譚百清淺笑一聲, 緩慢踱步, 復又站定:“藥王谷的谷主手段了得, 你能從他那兒逃命, 躲過江湖八大派的搜捕, 還練得一身好武藝……”
譚百清尚未說完,衛凌風自貶道:“不敢當。在譚掌門面前,我不過是有些雕蟲小技,班門弄斧罷了。”
衛凌風被封了奇經八脈,腿腳不便,雙手發軟。饒是如此,他也催動內力,兩指按上玄鐵欄桿,于是一根欄桿彎曲了片刻。
他恭恭敬敬地問道:“這是扶華教密不外傳的無量神功,不知可否向譚掌門討教一二?”
譚百清收劍入懷,朗聲大笑:“你倒是個厲害角色。”
衛凌風搖頭:“無名之輩,不足掛齒。”
譚百清好像真的把衛凌風當做了一個“無名之輩”。他上前一步,悠然側身,面朝著一盞油燈,不拿正眼看衛凌風。
那一盞油燈的燈芯快要倒了。
譚百清伸出左手,直接用手指將一枚燈芯挑起來:“你是個少年人,自古少年多輕狂,我還以為你要如何嘴硬。不成想,三言兩語之間,你便和我兜了底。只可憐你那一派天真的小師弟……”
話音未落,鎖鏈發出一陣砰然重響,衛凌風戴著鐐銬,迎面撞上玄鐵欄桿:“你對他做了什么?”
火光灼熱,跳躍燃動,仍然燒不到譚百清的手指。
譚百清仿佛不是在玩火,而是在戲水,始終作壁上觀,從容自若。反觀衛凌風呢?卻是氣息紊亂,殺意驟起:“你對他做了什么?”
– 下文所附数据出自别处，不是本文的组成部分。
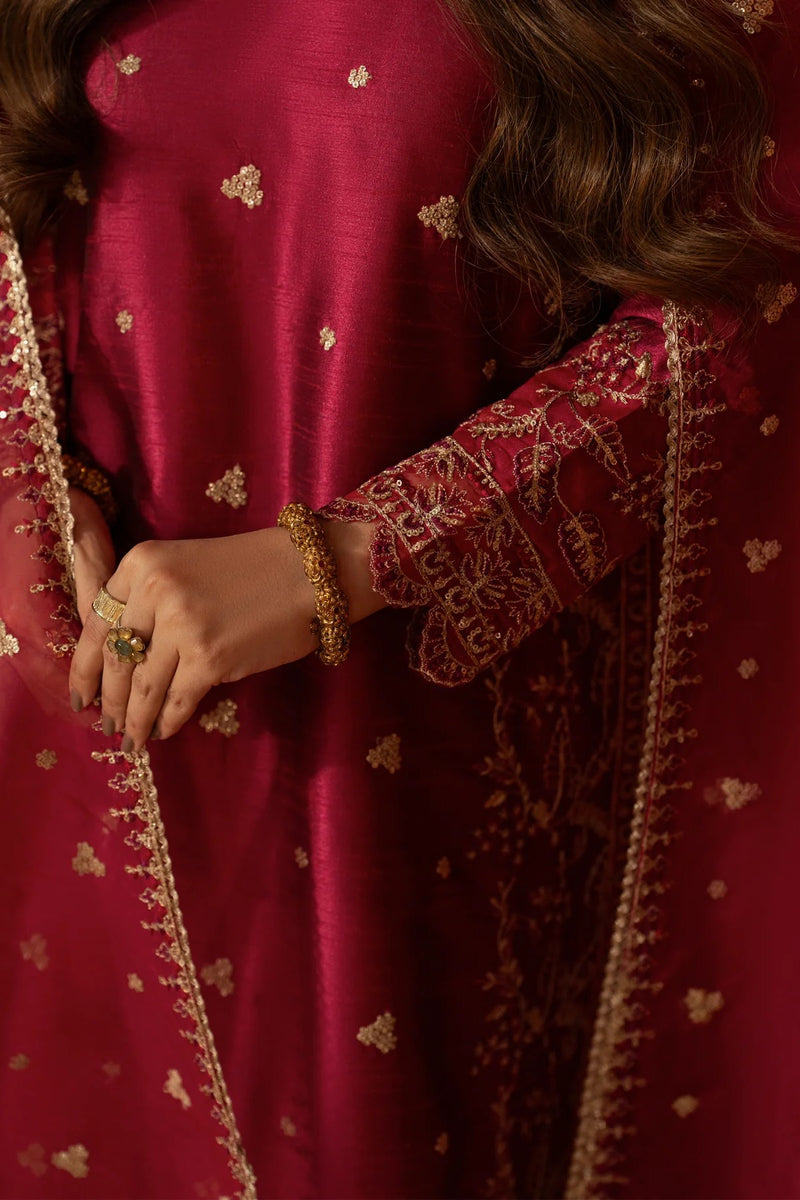 Embroidered blended raw silk shirt with embroidered blended raw silk trousers and embroidered organza dupatta.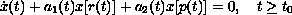 \dot{x}(t) +a_1(t)x[r(t)]+a_2(t)x[p(t)]=0, \quad t\geq t_0

衛凌風一連兩次發問,忽地就沒了剛才那伏低做小的恭順姿態。
譚百清頗感惋惜,嘆了口氣:“你啊,到底還是少年人的心性,遇事沉不住氣。就算我殺了你的小師弟,你有本事報仇嗎?”
他端起一盞油燈,走向衛凌風。
他半蹲下來,燈火照亮衛凌風的臉。
好像頗有什么趣味似的,他再一次重復道:“就算我殺了你的小師弟,你有本事報仇嗎?我把他剝皮抽筋,千刀萬剮,懸于菜市街口,你又能奈我何?”
他沒聽到衛凌風的回音。
他只感到一陣罡風直劈面門而來,勢頭剛勁而急迫,卻是強弩之末。
譚百清揮袖橫立一把劍,劍鋒甚至沒出鞘,分毫不差地擋住了攻勢,輕松化解衛凌風的殺招。
他左手提燈,右手仗劍,燈盞內火苗佇立,紋絲未動。
而衛凌風衣袖染塵,顯得狼狽。他死死抓住譚百清的衣角,引得譚百清微微低頭……譚百清看見,一滴一滴的血水順著衛凌風的下巴滑落,落到了自己的衣袍上。
衛凌風戴著鐐銬,又被封閉了經脈,方才強行催動內力,當然很傷身了。倘若他一再動武,怕是會七竅流血,暴斃而亡。
譚百清轉口道:“我初時見你,還以為你性子沉穩,不會輕易動怒,不曾想你也是個急躁冒進的。我還沒殺你小師弟,你便急著送命,要同他陰陽兩隔了。”
談話間,血水染紅一方衣角。
譚百清挪開一步,又抬起腳,踩住了衛凌風的手背。
他逐漸使力,到了最后,幾乎是站在衛凌風的手上。
衛凌風不抬頭,也不呼痛,只說:“我自幼學習《無量神功》、《辟寒劍譜》、《天霄金剛訣》、《昭武十八式》,譚掌門若是想了解這些獨門秘笈,我可以將心法拱手相送。在此之前,還請譚掌門網開一面,放過我師弟。他不過是個草莽匹夫,年輕不懂事,不值得譚掌門……”
譚百清重新把燈座擱在了桌上。他一身華貴衣袍,閉目合掌,更具莊嚴法相:“衛凌風,你出身魔教,又是一介階下囚,竟妄圖與我做買賣?我知道你武功高深,通曉魔教的功夫,是塊練武的好料子。可是,你也不想想,我譚某人怎么瞧得上區區魔教的陰毒功夫?無量神功能在江湖上浪得虛名,想來是云棠那妖女敢于濫殺無辜的緣故吧。”